§ PROBLEM REQUIREMENTS
Reproduce only the lines below from the line containing "切りっぱなしのロングなので、" to the line containing "轉(zhuǎn)鼓中顆粒表面", exactly as written, with both end lines kept. Omit the pictures.

[Records excerpted from a collection]
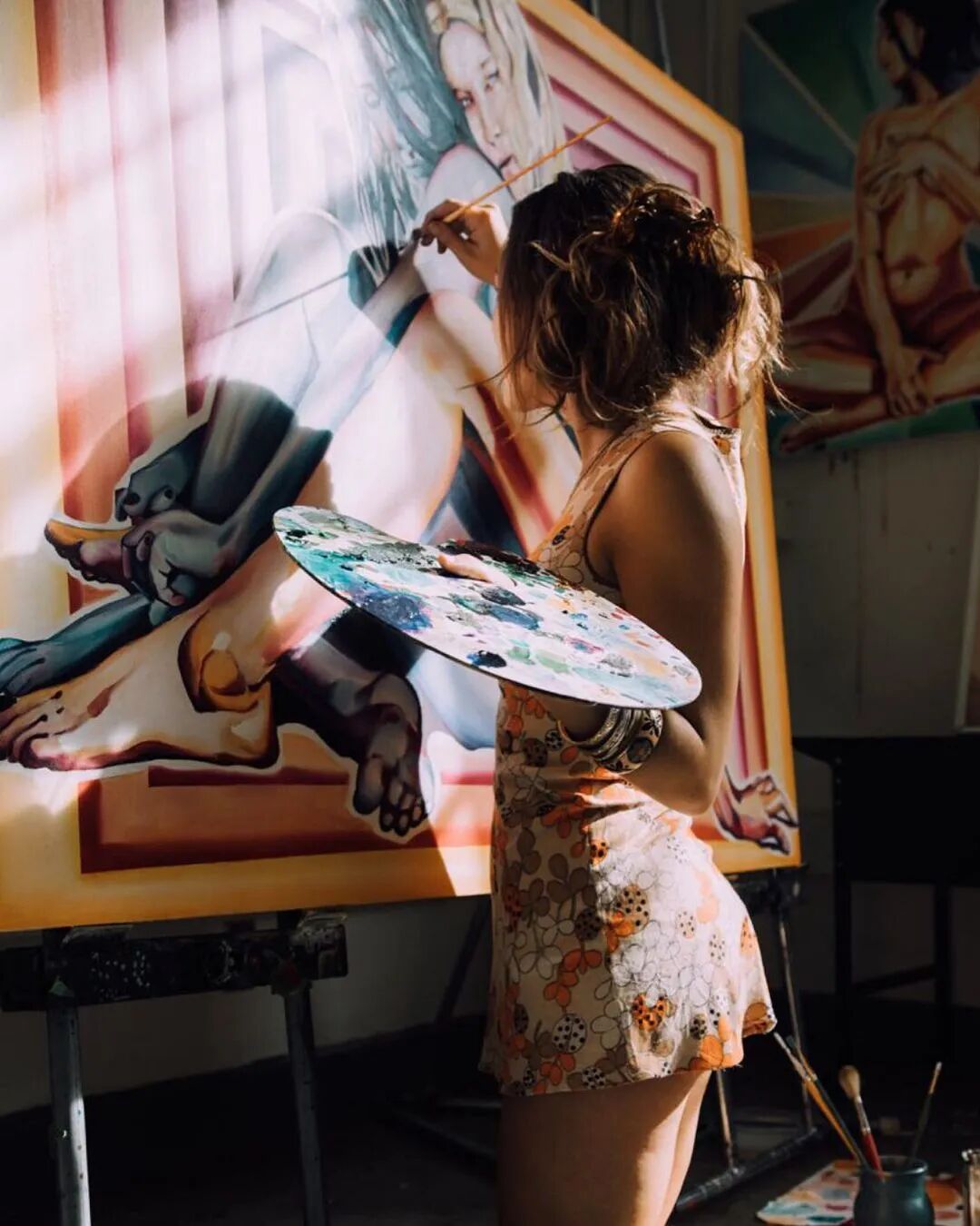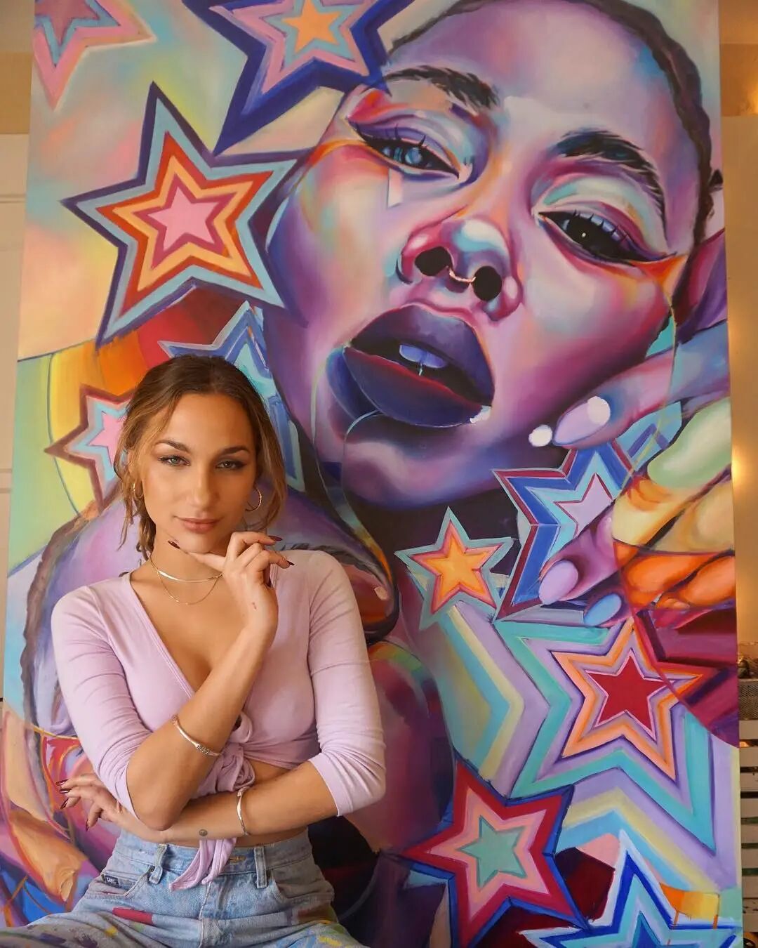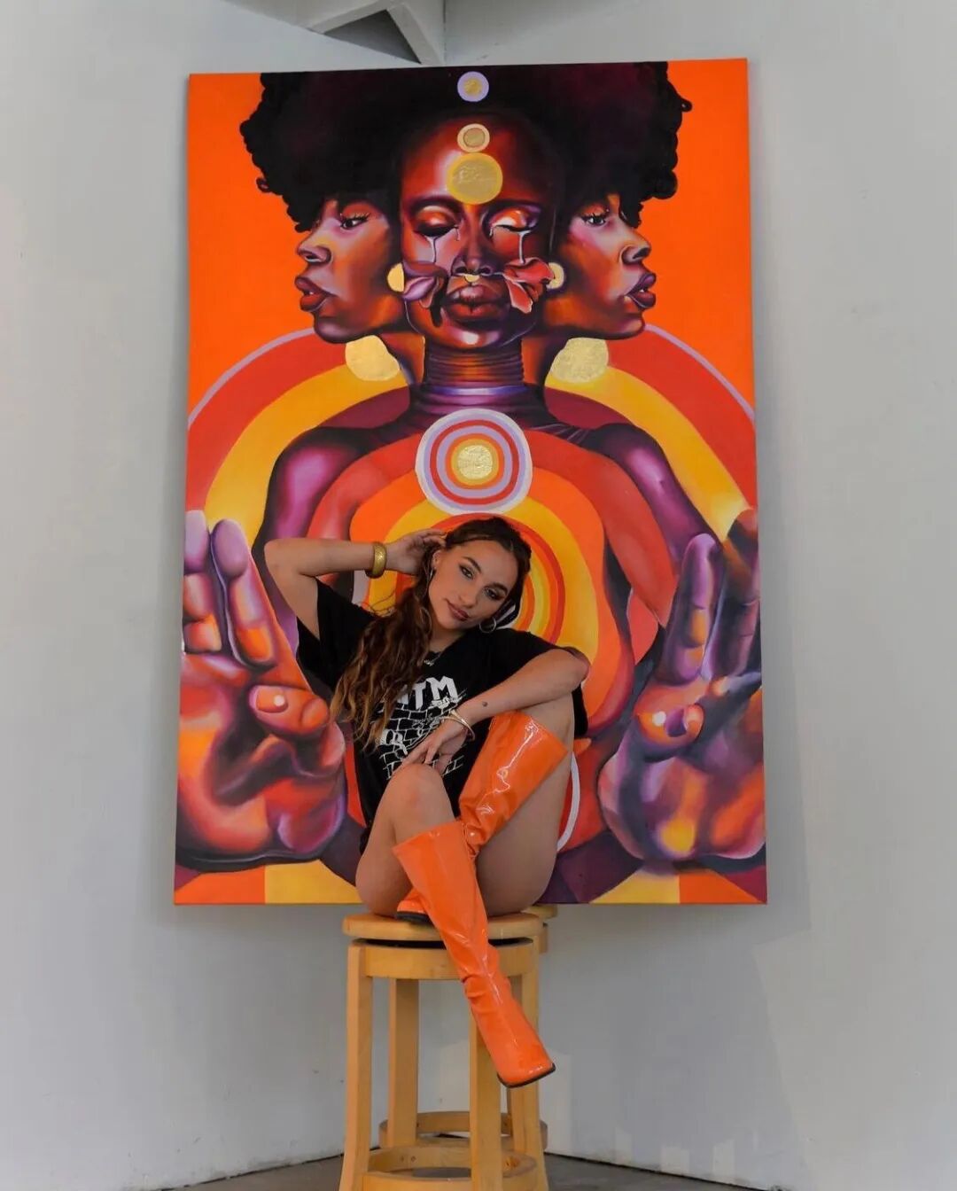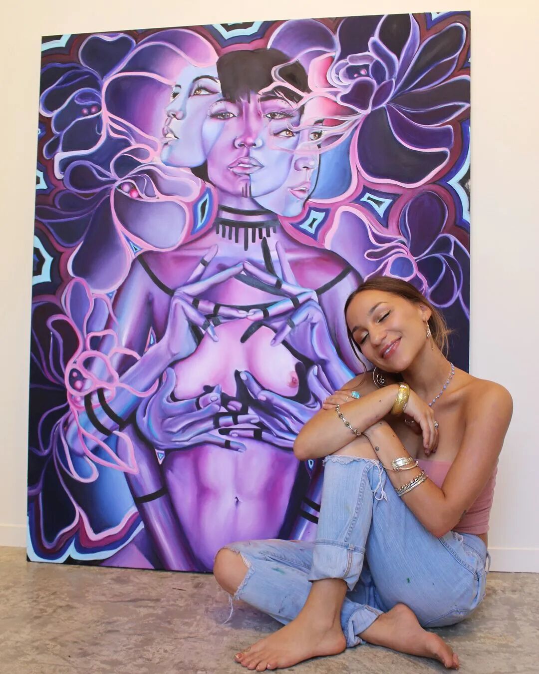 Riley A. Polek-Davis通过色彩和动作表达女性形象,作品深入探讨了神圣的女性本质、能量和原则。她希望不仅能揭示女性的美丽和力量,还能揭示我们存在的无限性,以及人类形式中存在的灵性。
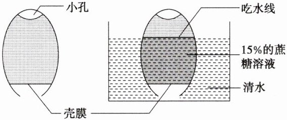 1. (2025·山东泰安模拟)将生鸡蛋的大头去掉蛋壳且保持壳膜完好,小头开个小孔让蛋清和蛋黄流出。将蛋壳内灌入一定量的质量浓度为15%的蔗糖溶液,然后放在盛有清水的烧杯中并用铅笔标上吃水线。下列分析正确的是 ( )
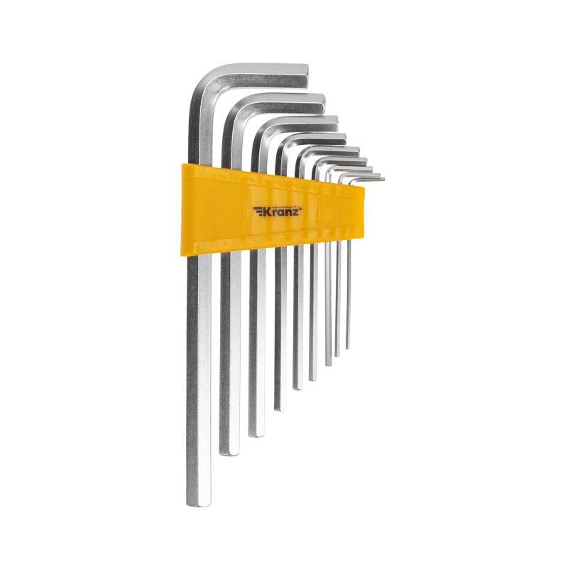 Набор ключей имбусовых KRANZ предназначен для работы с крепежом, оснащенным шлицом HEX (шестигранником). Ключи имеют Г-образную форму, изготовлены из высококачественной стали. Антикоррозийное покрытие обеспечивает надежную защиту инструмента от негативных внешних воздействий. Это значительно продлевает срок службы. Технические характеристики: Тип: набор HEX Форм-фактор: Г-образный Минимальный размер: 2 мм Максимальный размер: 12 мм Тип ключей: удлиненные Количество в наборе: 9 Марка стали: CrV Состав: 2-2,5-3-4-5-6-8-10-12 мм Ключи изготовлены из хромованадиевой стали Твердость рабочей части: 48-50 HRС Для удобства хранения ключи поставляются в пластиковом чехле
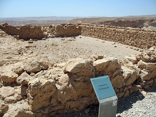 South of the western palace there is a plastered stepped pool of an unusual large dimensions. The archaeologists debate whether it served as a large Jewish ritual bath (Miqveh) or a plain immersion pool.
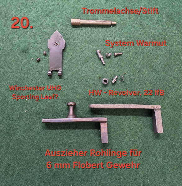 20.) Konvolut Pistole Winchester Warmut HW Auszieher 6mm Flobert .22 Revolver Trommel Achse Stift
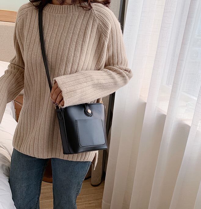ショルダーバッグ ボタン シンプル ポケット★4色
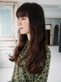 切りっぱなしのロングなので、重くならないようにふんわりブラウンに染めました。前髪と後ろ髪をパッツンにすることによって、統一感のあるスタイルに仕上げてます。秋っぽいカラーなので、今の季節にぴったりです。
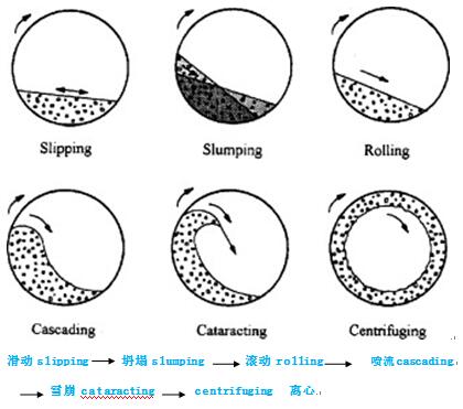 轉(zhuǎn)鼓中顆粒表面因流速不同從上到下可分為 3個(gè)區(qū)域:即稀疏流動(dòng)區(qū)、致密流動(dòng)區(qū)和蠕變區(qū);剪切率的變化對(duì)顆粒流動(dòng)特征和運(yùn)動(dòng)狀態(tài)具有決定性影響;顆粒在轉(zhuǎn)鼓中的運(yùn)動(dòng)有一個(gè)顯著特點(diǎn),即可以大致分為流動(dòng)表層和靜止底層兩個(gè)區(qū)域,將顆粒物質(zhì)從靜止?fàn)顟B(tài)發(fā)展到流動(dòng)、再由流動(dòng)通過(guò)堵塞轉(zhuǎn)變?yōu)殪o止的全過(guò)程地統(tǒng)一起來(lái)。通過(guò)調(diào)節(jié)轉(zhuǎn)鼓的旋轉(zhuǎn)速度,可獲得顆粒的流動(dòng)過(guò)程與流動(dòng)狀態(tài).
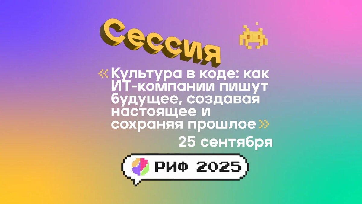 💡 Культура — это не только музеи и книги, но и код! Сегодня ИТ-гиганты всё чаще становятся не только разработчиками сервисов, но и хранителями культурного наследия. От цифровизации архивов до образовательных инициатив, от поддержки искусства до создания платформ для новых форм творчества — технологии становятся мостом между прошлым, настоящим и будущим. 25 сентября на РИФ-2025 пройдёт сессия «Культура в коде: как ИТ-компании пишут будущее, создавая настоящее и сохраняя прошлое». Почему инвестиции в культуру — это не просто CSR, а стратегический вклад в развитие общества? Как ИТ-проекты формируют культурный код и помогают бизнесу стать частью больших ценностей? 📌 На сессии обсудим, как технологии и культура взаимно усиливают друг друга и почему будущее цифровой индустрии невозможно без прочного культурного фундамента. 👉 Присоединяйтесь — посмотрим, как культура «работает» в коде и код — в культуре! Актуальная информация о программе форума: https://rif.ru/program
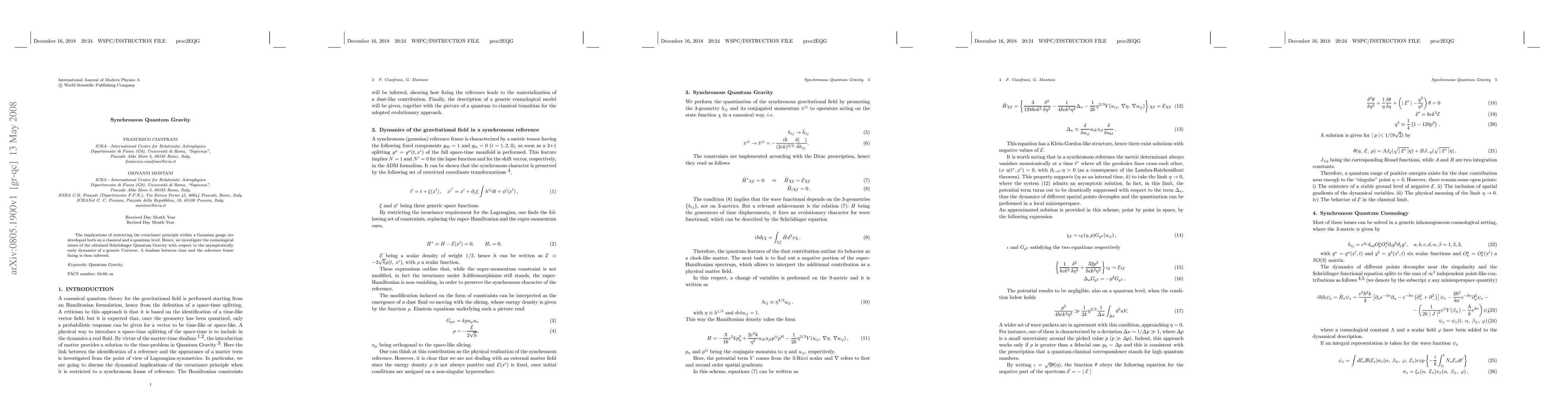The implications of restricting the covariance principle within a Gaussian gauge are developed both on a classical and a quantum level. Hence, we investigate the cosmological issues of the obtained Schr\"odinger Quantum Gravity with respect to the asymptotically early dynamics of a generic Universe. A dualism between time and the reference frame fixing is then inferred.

§ RESULT OF THE TASK
 切りっぱなしのロングなので、重くならないようにふんわりブラウンに染めました。前髪と後ろ髪をパッツンにすることによって、統一感のあるスタイルに仕上げてます。秋っぽいカラーなので、今の季節にぴったりです。
 轉(zhuǎn)鼓中顆粒表面因流速不同從上到下可分為 3個(gè)區(qū)域:即稀疏流動(dòng)區(qū)、致密流動(dòng)區(qū)和蠕變區(qū);剪切率的變化對(duì)顆粒流動(dòng)特征和運(yùn)動(dòng)狀態(tài)具有決定性影響;顆粒在轉(zhuǎn)鼓中的運(yùn)動(dòng)有一個(gè)顯著特點(diǎn),即可以大致分為流動(dòng)表層和靜止底層兩個(gè)區(qū)域,將顆粒物質(zhì)從靜止?fàn)顟B(tài)發(fā)展到流動(dòng)、再由流動(dòng)通過(guò)堵塞轉(zhuǎn)變?yōu)殪o止的全過(guò)程地統(tǒng)一起來(lái)。通過(guò)調(diào)節(jié)轉(zhuǎn)鼓的旋轉(zhuǎn)速度,可獲得顆粒的流動(dòng)過(guò)程與流動(dòng)狀態(tài).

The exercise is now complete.